The Genus Lachenalia - a new book

Wed, 28 Mar 2012 21:10:05 PDT

You write

"...frankly, I am surprised and ashamed that the worlds largest bulb
organization is behaving this way about a serious and
important work."

I can only assume you are referring obliquely to my behavior by this
reference, which suggests that you feel ashamed that I would protest the
high cost of this book. The PBS is not "behaving" in any way whatever and
the dissenting view is my own.

My only lament is that such a price puts an important work like this
outside the ability to own it for many, myself included. This means access
to knowledge in effect-- something tells me it will not show up at the
local library.Whatever reasons and justifications the publishers may have,
my feeling is that such high pricing will limit accessibility and patronage
by people who would otherwise support and appreciate the efforts of the
authors and publishers. I suspect most who appreciate lachenalias-- if that
is even the target audience--  would not casually shell out $200 for any
book on the subject.


On 28 March 2012 20:31, Matt Mattus <> wrote:

> Setting the price of a book is more than just page count. The binding for a
> book that thick is more complex, and let's face it - this is not Harry
> Potter we are talking about with a print run of 5 million. I would imagine
> this is a much smaller run. I expect that they are printing in China, so
> shipping would be more too, due to the weight. If translation is needed,
> again, more. I doubt that anyone involved is getting rich off of this
> monograph on Lachenalia, and frankly, I am surprised and ashamed that the
> worlds largest bulb organization is behaving this way about a serious and
> important work.
> After a long discussion with Timber Press in regards to why they no longer
> publish monographs, the high cost comes with low production runs due to low
> sales numbers ( reportedly less than 2500 world wide for most monographs
> like Primroses).
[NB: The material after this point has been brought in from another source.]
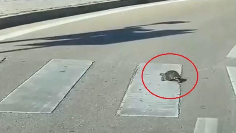 Yaya geçidinden geçen kaplumbağa, kamerada
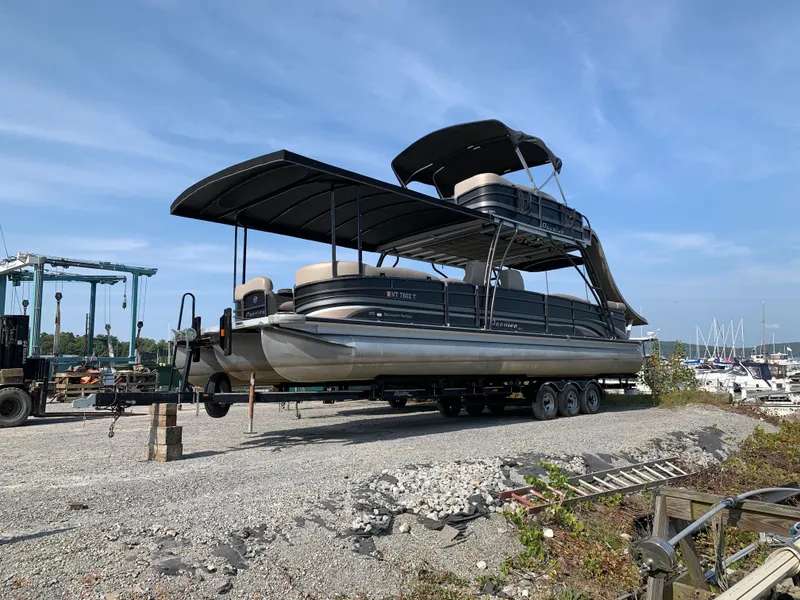 New listing. Single owner, all freshwater Lake Champlain use. In water from June through September only. Includes triple axle galvanized bunk pontoon trailer!

Which should inform us about how many of us are actually
> out there. Few publishers ( including Timber ) are considering printing
> these books today, so whether we choose to buy them or not, the numbers are
> just not there.
> Sure, the cost is more in the range of text books on paper, but I believe
> that we will see such books on paper fade away soon enough unless we
> support
> them. Of course, a new generation expects digital books. So grumble as we
> may, the truth is published books on paper are less profitable today due to
> the subject matter, the volume of the press run, and the cost of paper.
> The Feel that the Timber press reprints of the Kew Monographs had paper of
> a
> poorer quality too. Has anyone else noticed this?